**Raw data:**
------------------------

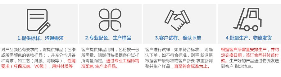 主營產品有:色母粒、功能母粒、抗老化抗紫外線、抗靜電母粒、阻燃母粒公司以磷系阻燃母粒、氮系阻燃母粒、溴系阻燃母粒、阻燃改性塑料為主,PP環保阻燃母粒、PE阻燃母粒、PC透明無鹵阻燃母粒、PET透明無鹵阻燃母粒、PA無鹵阻燃母粒、廣泛應用于:......
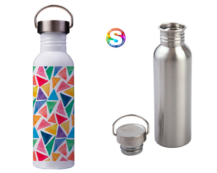 cilindro de acero inoxidable para sublimación, con tapa de rosca y asa. cap. 600 ml. (20 oz). presentación: caja individual. temperatura y tiempo sugeridos para sublimar: 195 grados / 45 seg.
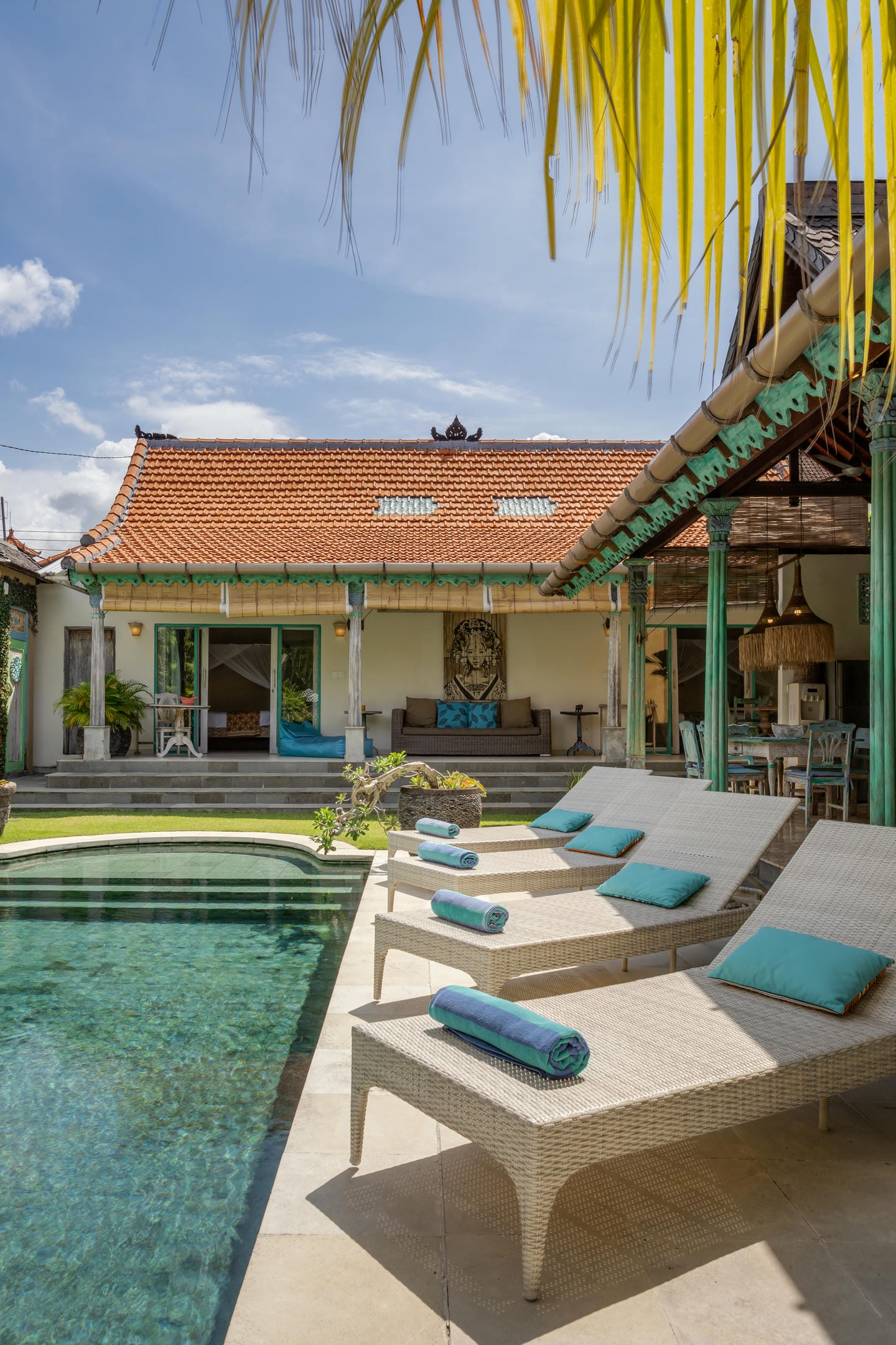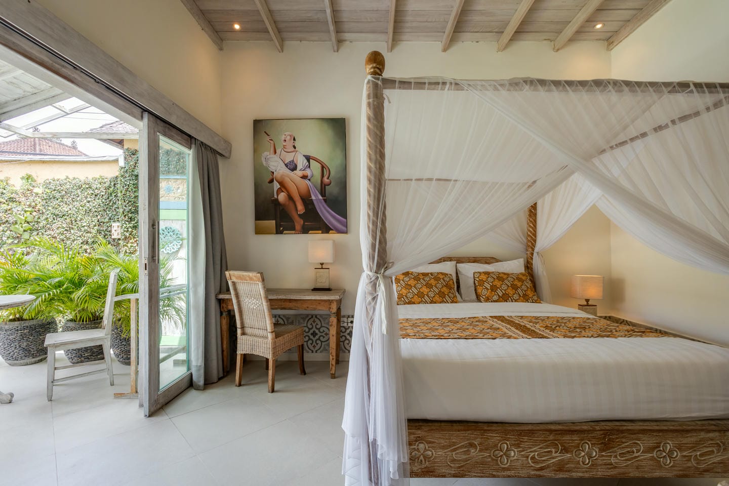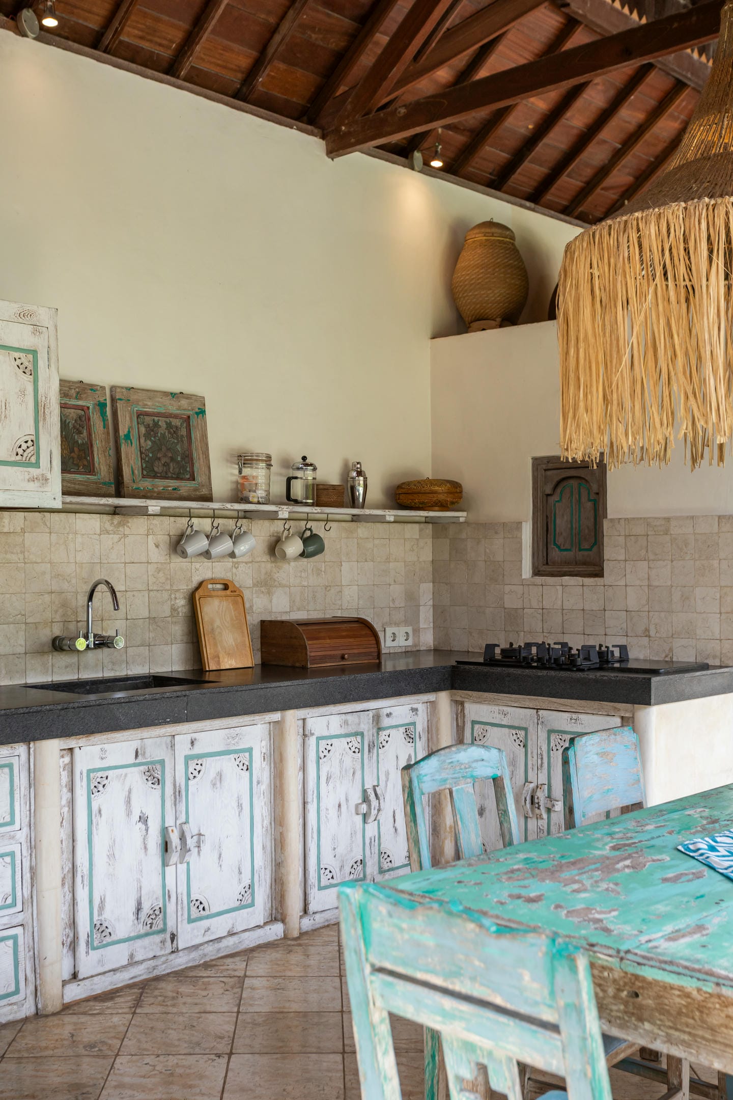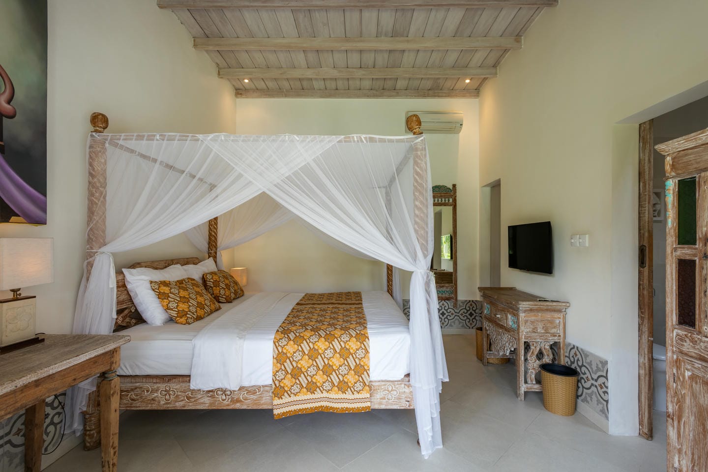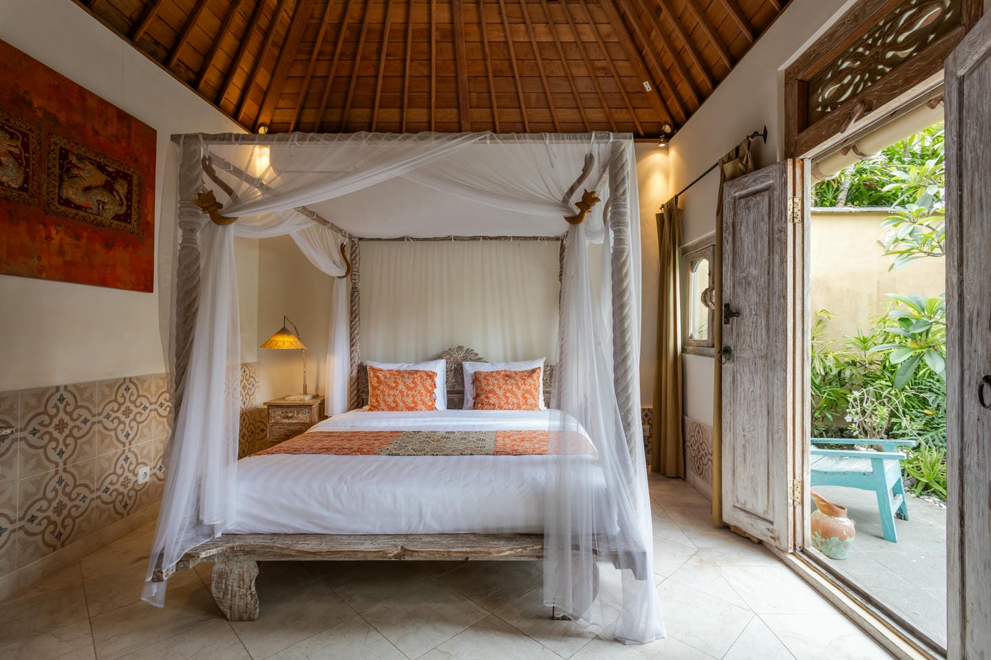 Inside, the villa showcases a warm blend of Balinese tropical charm and vintage boho style. Hand-carved doors, rustic wood furniture, colorful artwork, and open-concept living areas create a cozy, character-filled atmosphere throughout the home.

------------------------

**Exercise prompt:** Print the entire listing precisely as written, omitting the images it holds.

**Answer to the problem:**
 主營產品有:色母粒、功能母粒、抗老化抗紫外線、抗靜電母粒、阻燃母粒公司以磷系阻燃母粒、氮系阻燃母粒、溴系阻燃母粒、阻燃改性塑料為主,PP環保阻燃母粒、PE阻燃母粒、PC透明無鹵阻燃母粒、PET透明無鹵阻燃母粒、PA無鹵阻燃母粒、廣泛應用于:......
 cilindro de acero inoxidable para sublimación, con tapa de rosca y asa. cap. 600 ml. (20 oz). presentación: caja individual. temperatura y tiempo sugeridos para sublimar: 195 grados / 45 seg.
 Inside, the villa showcases a warm blend of Balinese tropical charm and vintage boho style. Hand-carved doors, rustic wood furniture, colorful artwork, and open-concept living areas create a cozy, character-filled atmosphere throughout the home.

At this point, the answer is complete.